Graduate Beyza Boyacıoğlu joins the New York Museum of Modern Art Festival

The latest film of Beyza Boyacıoğlu, a 2009 graduate of Visual Arts and Visual Communication Design who is currently a documentary director in America, was accepted to New York Museum of Modern Art’s (MoMA) Documentary Fortnight festival.

Boyacıoğlu’s documentary Toñita’s Club is a portrait of the last Puerto Rican social club in South Williamsburg, Brooklyn.  The documentary will premier during MoMA’s Documentary Fortnight 2014 festival.  The film will be a part of the American Stories short film program and will be screened on February 22 at 2 pm and February 23 at 5 pm.  Screenings will be followed by discussions with directors Beyza Boyacıoğlu and Sebastian Diaz.

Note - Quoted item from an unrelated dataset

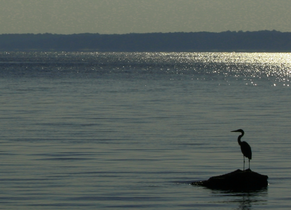 Great Blue Heron on Sardis Lake, MS.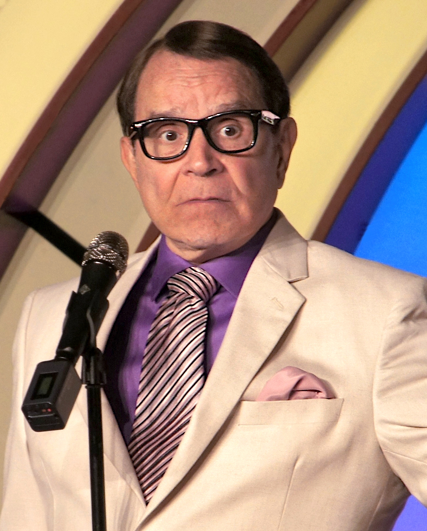 Rich Little as "Jack Benny" photo by James DeFrances 2015

Trailer: https://vimeo.com/85047629

Toñita’s is a portrait of the last Puerto Rican social club in South Williamsburg, Brooklyn, a rapidly gentrified area that used to be a neighborhood of Caribbean immigrants.  The short documentary dives into the microcosm of Caribbean Club (also fondly labeled ‘Toñita’s’ after its owner Maria Toñita), in order to talk about urban space, displacement and identity. The film zigzags between nightlife and daytime activities at the club, and the testimonies of its regulars. Music and dance constitute a crucial part of the film as Toñita’s is a love letter to Nuyorican culture. When the club scenes are interrupted with interviews, each testimony touches upon a specific issue, such as the history of the neighborhood, gentrification, Nuyorican music and dance, and Puerto Rican identity. The interviews paint a complicated picture of the neighborhood and the local community. Caribbean Club regulars confront the new South Side with mixed feelings, as they also reveal a sweet-sour relationship with the past. A recurring subject in the interviews is the owner Toñita, the matriarch of the community, devoted to keep the club open “until she falls”.

Toñita’s is produced at 2013 UnionDocs Collaborative Studio and is a part of UnionDocs’ Living Los Sures project. This multi-faceted project restores Diego Echeverria’s 1984 film Los Sures, makes it accessible to audiences online, remixes local histories through a web documentary platform, and reinvestigates Southside of Williamsburg, Brooklyn today through a collection of short films.

Beyza Boyacıoğlu is a New York, Cambridge and Istanbul based documentary filmmaker, video artist and curator. She was a fellow in 2012-2013 UnionDocs Collaborative Studio in Brooklyn. She curates ‘Fiction-Non’, a documentary series exploring narrative/non-fiction hybrid films, at Maysles Cinema in Harlem. Her work as a video artist has been exhibited in many venues including MoMA (New York), The Invisible Dog Art Center (Brooklyn), NoteOn (Berlin), and Sakıp Sabancı Museum (Istanbul). Sabancı University Visual Arts and Visual Communication Design 2009 graduate Boyacıoğlu currently works as a videographer and a video editor at Harvard University.